My research in a broad sense falls in algebra. Lie algebras and enveloping algebras are active and important research areas both within algebra and in other fields such as Mathematical Physics, Particle Physics, String Theory, Geometry, Hyperplane Aarrangement, etc. Lie theory methods used by the Fields medallist Efim Zelmanov led him to solve the Bounded Kourosh Problem in Group Theory.
Lie algebras are non-commutative and non-associative objects. What is "non-commutativity"? Consider the action where we pour two chemicals in a flask. Here, it doesn't matter which product we pour first into the flask. In other words, the action is commutative. In comparison "non-associativity" involves three objects. For example, consider a chemical product obtained by mixing three different chemicals A, B, and C in a flask. So the recipe is to add together A and B first and then add C. In Mathematics formulation, we can summarize this procedure as (A+B)+C. Instead, if we first add C and A and then add B we could possibly get a different product. In other words, C+(A+B) may not be the same as (C+A)+B. We can interpret this experience and say that the action of adding chemicals is commutative but not associative.
My expertise in Algebra has led me to broaden my research program. For example, we use Artificial Intelligence and machine learning to detect and prevent abnormal access in privacy sensitive organizations like Healthcare System or TAX system. We are also developing new methods in face detection and recognition.
My research program also contributes to vital problems such as Cancer diagnoses and immunotherapy. In genome-wide association study (GWAS), partial or all of the human genome is sequenced for discovering the associations between genetic factors and a disease. In GWAS the genetic variants under consideration are single nucleotide polymorphisms (SNPs), the most common type of variation among people. The number of SNPs usually goes over one million in a dataset; therefore, a set of powerful data mining and machine learning methods are needed in order to investigate genetic data to reveal the most significant genetic variants that cause a disease.

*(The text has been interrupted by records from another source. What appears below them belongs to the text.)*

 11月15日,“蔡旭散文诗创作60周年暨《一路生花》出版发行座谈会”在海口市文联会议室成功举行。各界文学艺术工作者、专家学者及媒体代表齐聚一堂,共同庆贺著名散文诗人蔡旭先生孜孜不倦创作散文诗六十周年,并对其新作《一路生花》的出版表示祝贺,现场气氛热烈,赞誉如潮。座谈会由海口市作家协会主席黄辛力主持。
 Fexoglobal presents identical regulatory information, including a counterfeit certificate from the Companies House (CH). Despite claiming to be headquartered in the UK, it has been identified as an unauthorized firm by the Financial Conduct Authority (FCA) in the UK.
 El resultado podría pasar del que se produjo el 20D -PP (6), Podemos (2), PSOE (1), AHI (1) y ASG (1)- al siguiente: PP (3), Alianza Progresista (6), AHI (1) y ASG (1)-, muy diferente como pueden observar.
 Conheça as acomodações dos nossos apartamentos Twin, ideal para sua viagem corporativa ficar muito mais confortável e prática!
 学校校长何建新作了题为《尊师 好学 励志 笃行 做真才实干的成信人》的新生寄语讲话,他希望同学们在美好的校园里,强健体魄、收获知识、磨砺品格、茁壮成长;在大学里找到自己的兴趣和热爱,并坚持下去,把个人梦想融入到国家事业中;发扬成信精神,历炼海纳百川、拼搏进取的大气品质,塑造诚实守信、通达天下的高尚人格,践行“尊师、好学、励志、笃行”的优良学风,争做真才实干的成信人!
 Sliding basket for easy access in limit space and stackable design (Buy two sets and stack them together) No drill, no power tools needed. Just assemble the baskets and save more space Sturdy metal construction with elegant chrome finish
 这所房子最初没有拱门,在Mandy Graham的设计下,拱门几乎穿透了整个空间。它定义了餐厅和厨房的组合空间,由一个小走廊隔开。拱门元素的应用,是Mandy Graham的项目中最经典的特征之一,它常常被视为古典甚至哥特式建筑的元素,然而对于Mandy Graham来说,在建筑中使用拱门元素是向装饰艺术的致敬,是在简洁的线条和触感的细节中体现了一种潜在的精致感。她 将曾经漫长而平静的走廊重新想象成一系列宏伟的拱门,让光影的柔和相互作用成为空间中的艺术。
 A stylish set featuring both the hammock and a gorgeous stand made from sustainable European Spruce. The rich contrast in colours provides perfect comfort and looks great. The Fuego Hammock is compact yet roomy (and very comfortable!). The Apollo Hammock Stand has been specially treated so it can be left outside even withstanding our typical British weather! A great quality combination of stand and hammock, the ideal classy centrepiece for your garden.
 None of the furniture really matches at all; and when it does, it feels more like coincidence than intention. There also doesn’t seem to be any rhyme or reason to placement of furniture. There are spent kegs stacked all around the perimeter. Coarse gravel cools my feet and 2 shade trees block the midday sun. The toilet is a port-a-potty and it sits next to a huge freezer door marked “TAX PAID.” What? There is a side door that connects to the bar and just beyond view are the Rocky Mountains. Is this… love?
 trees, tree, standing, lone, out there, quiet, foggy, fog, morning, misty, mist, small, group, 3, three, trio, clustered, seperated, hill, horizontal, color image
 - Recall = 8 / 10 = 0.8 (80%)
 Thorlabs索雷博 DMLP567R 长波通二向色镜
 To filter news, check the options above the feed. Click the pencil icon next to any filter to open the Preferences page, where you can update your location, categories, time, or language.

In machine learning and pattern recognition, feature selection is the process of selecting the most important features of a problem while removing unnecessary ones. The use of feature selection in microarray datasets or gene expression for detecting cancer is widely investigated. Golub et al. were the first to identify a subset of 50 genes that can discriminate acute myeloid leukemia from acute lymphoblastic leukemia, and subsequently predict class membership of new leukemia cases.
As part of our research program, we investigate a new feature selection method based on perturbation theory. The effectiveness of our method is verified by performing a series of comparisons with conventional and novel feature selection methods in the literature on some Cancer datasets.